Required from the data below: the exact lines starting at the line containing "五粮液和洋河股份的碳排总量则同比下降,分别为-1.55%和-2.3%。" and ending at the line containing "本次会议由教育部职业院校教学", with both ends kept and all pictures dropped.

====== Available data ======

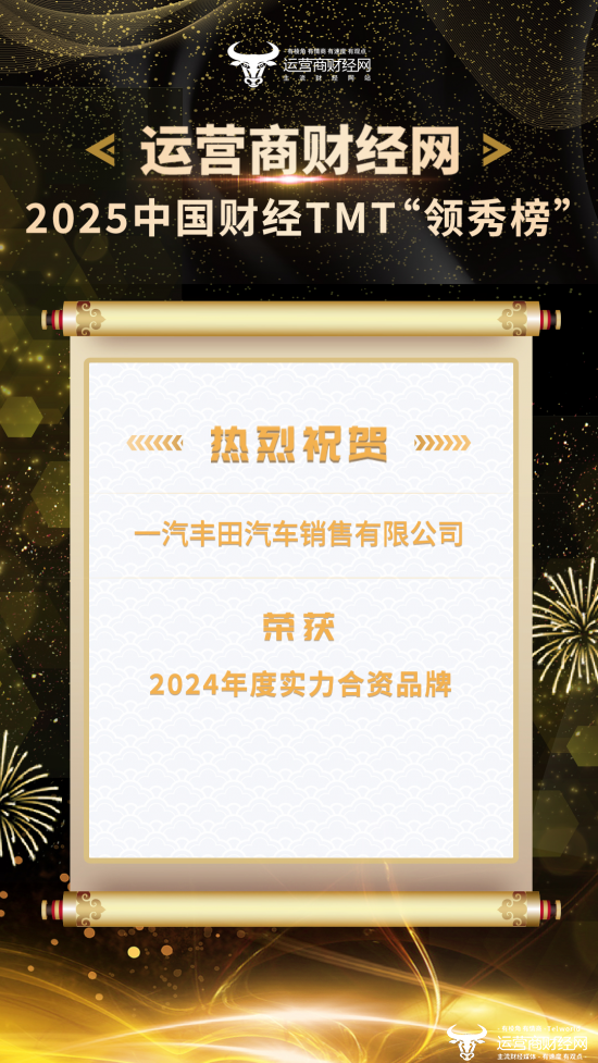 由权威媒体运营商财经网倾力打造的2025中国财经TMT“领秀榜”盛典于1月16日隆重召开,揭晓了在年度评选中获奖的优秀企业以及优秀产品。凭借着在过去一年不俗的表现和卓越的业绩,一汽丰田汽车销售有限公司荣膺“2024年度实力合资品牌”奖项,恭喜!
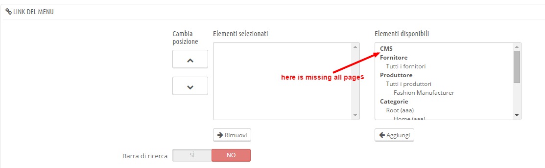 hife Posted March 19, 2015 Share Posted March 19, 2015 (edited) In the module "Top Orizontal Menù" if I click "edit" there are no CMS categories and no pages of course (see img attached) is displayed in the box for selection. (so it's impossible to select any CMS content) It's a new installation, prestashop 1.6.0.13, only changed language and few settings.theme is default one. I already tried: to change to previuos language to reset and to re-install the module to create new contents and new categories on CMS to disable and re enable all contents (pages) to check for visibility setting (debug mode is enabled, but no message is showing ) Any idea? thank you this is the II problem (1° was White page in hook configuration page) without touch anything from the installation, it's normal to have these kind of problems with prestashop ? Thank you very much for any suggestion Edited March 19, 2015 by hife (see edit history) Link to comment Share on other sites More sharing options...
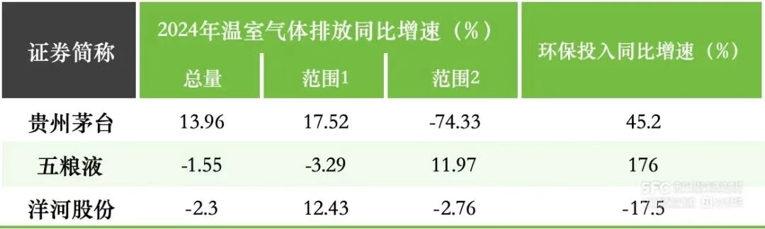 五粮液和洋河股份的碳排总量则同比下降,分别为-1.55%和-2.3%。
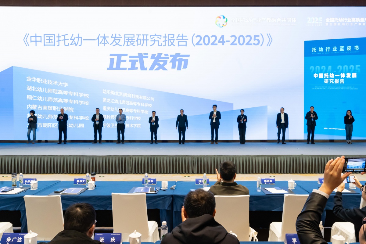 本次会议由教育部职业院校教学(教育)指导委员会指导,全国托幼行业产教融合共同体主办,幼乐美(北京)教育科技有限公司、金华职业技术大学承办。会议期间,有关专家进行了主旨报告,现场为托幼行业产教融合共同体(新增)副理事长单位授牌,并发布了《中国托幼一体发展研究报告2024-2025》蓝皮书。
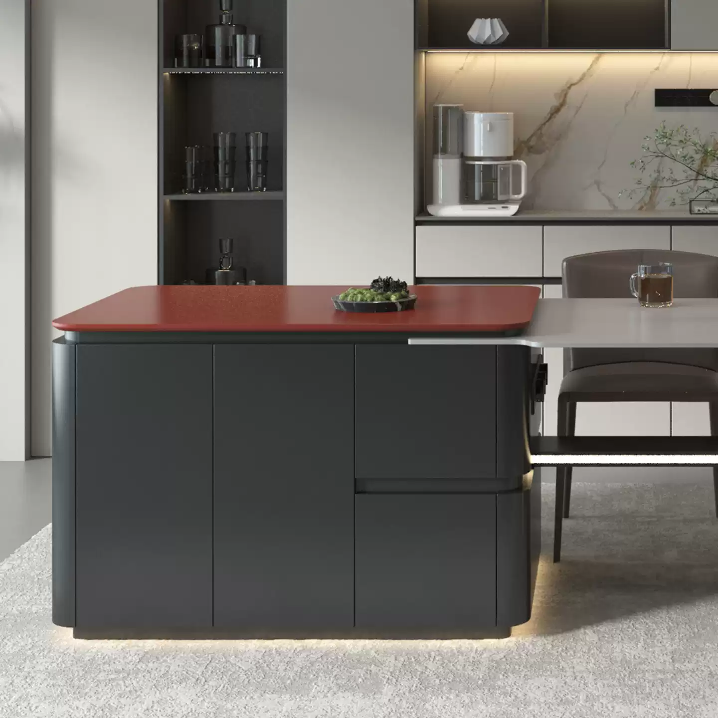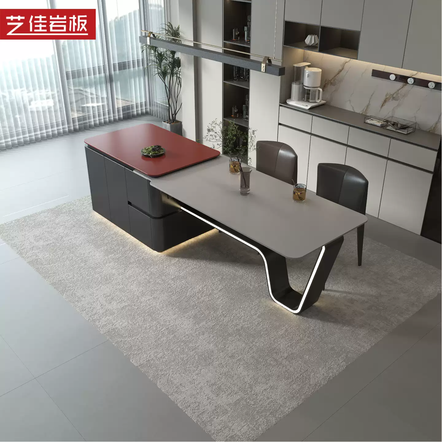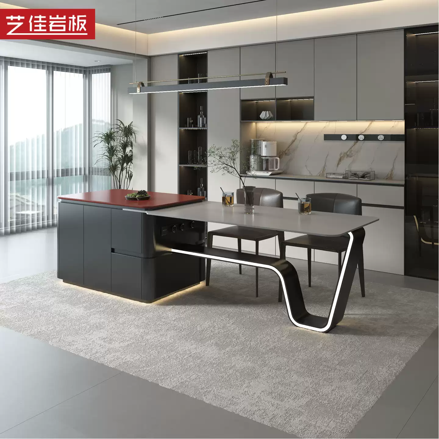 This exquisite dining table features a sleek and minimalist design, crafted with a durable metal frame and a stunning gold finish that adds a touch of luxury to any dining area. The table incorporates an integrated bar cabinet, providing convenient storage for beverages and dining essentials, making it ideal for both home and commercial restaurant settings. Its round arc shape enhances aesthetic appeal while promoting a cozy and intimate dining experience. The high-quality baked paint ensures long-lasting durability and resistance to wear, suitable for daily use in upscale environments. Customizable options allow for personalization to match various interior styles, from modern to classic. This piece combines functionality with elegance, offering a versatile solution for dining rooms, bars, or cafes, and is designed to impress with its sophisticated craftsmanship and attention to detail.
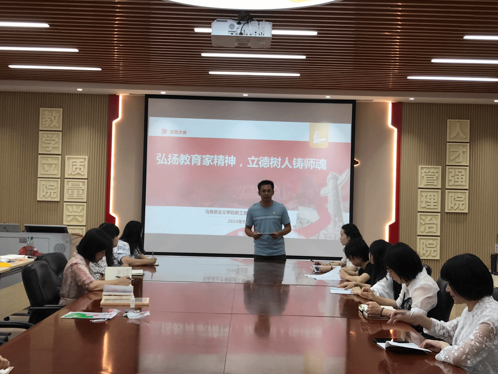 随后,全体党员围绕“弘扬教育家精神,立德树人铸师魂”这一主题展开热烈讨论。大家表示,要深刻领会习近平总书记的重要讲话精神,将教育家精神内化于心、外化于行,为推动教育事业高质量发展贡献自己的力量。
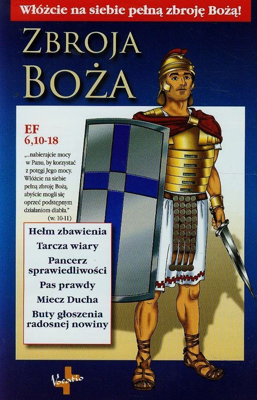 Broszura Zbroja Boża na podstawie Listu do Efezjan opisuje każdy element starożytnej, rzymskiej zbroi, wzbogacając opisy o tło historyczne, a także ukazując ich zastosowanie w czasach współczesnych dla duchowej walki, jaką toczymy z siłami ciemności. Paweł Apostoł pokazuje, jak ważne jest pełne zrozumienie funkcji poszczególnych elementów zbroi, w jaką ? poprzez Ducha Świętego i swoje Słowo ? wyposaża nas Bóg. Pokazuje także ich praktyczne zastosowanie w codziennym życiu z wiary.Broszurka dokładnie opisuje każdy element tej zbroi, czyli:- Hełm zbawienia - Pas prawdy- Pancerz sprawiedliwości - Miecz Ducha - Buty gotowości głoszenia radosnej nowiny o pokoju z Bogiem - Tarcza wiaryPoszczególne elementy zbroi opisane są w syntetycznej formie w postaci przejrzystych tablic. Oprócz nich broszurka zawiera także kolorowe ilustracje i powiązane z tematem inne cytaty biblijne.
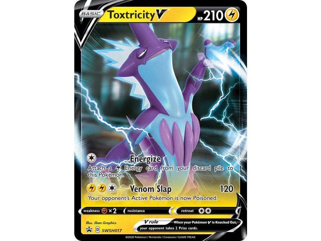 Tato Pokémon TCG kusová karta Toxtricity V je SWSH Black Star Promo. Tato karta má regulační značku D.
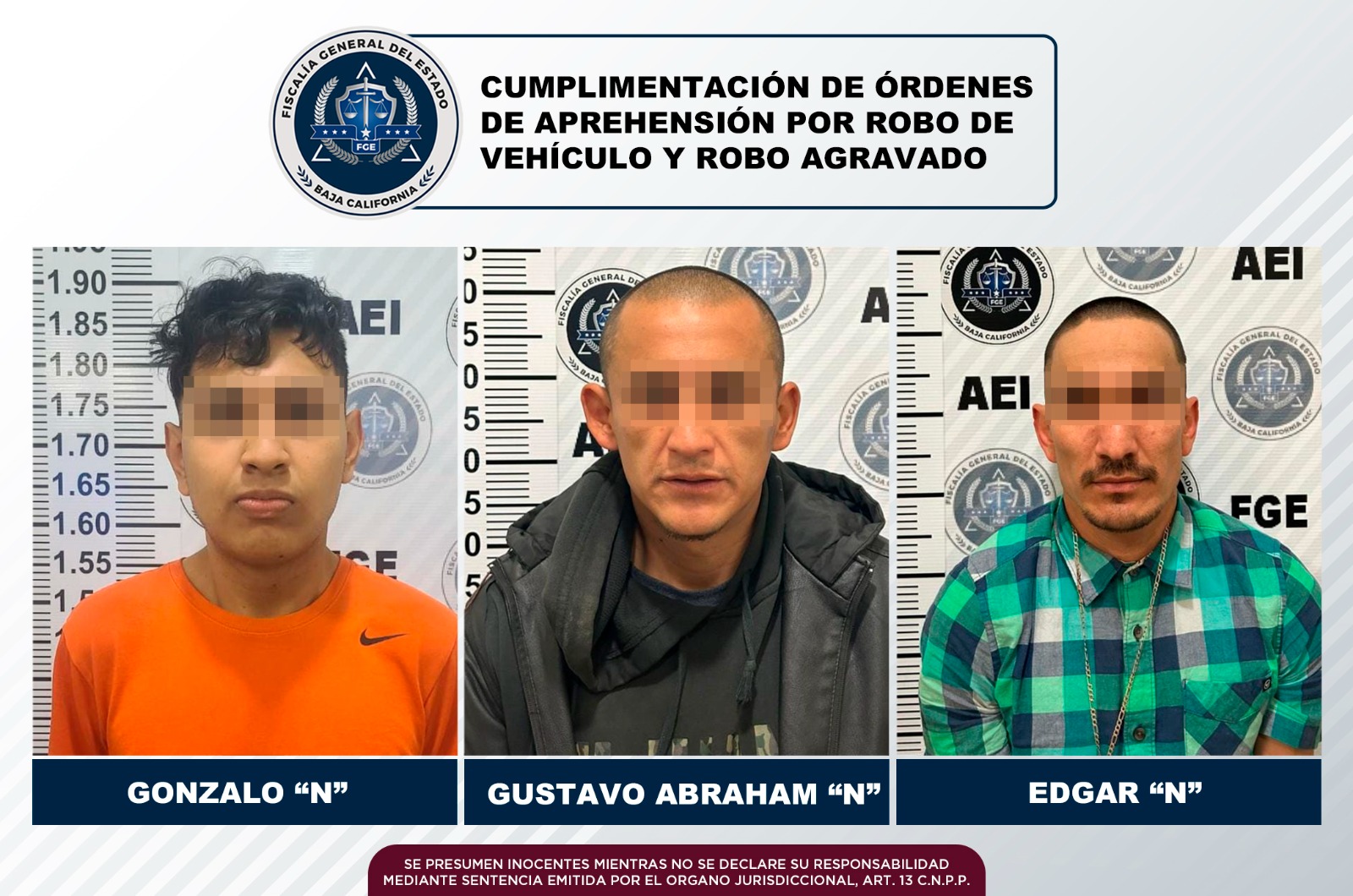 TIJUANA, B.C. Elementos de la Fiscalía General del Estado, adscritos al Grupo Especializado en Aprehensiones, cumplimentaron mandamientos judiciales por los delitos de robo de vehículo y robo agravado, uno de ellos se logró como resultado de los mecanismos de colaboración que existen entre entidades federativas en materia de procuración de justicia.

======

_Solution_
 五粮液和洋河股份的碳排总量则同比下降,分别为-1.55%和-2.3%。
 本次会议由教育部职业院校教学(教育)指导委员会指导,全国托幼行业产教融合共同体主办,幼乐美(北京)教育科技有限公司、金华职业技术大学承办。会议期间,有关专家进行了主旨报告,现场为托幼行业产教融合共同体(新增)副理事长单位授牌,并发布了《中国托幼一体发展研究报告2024-2025》蓝皮书。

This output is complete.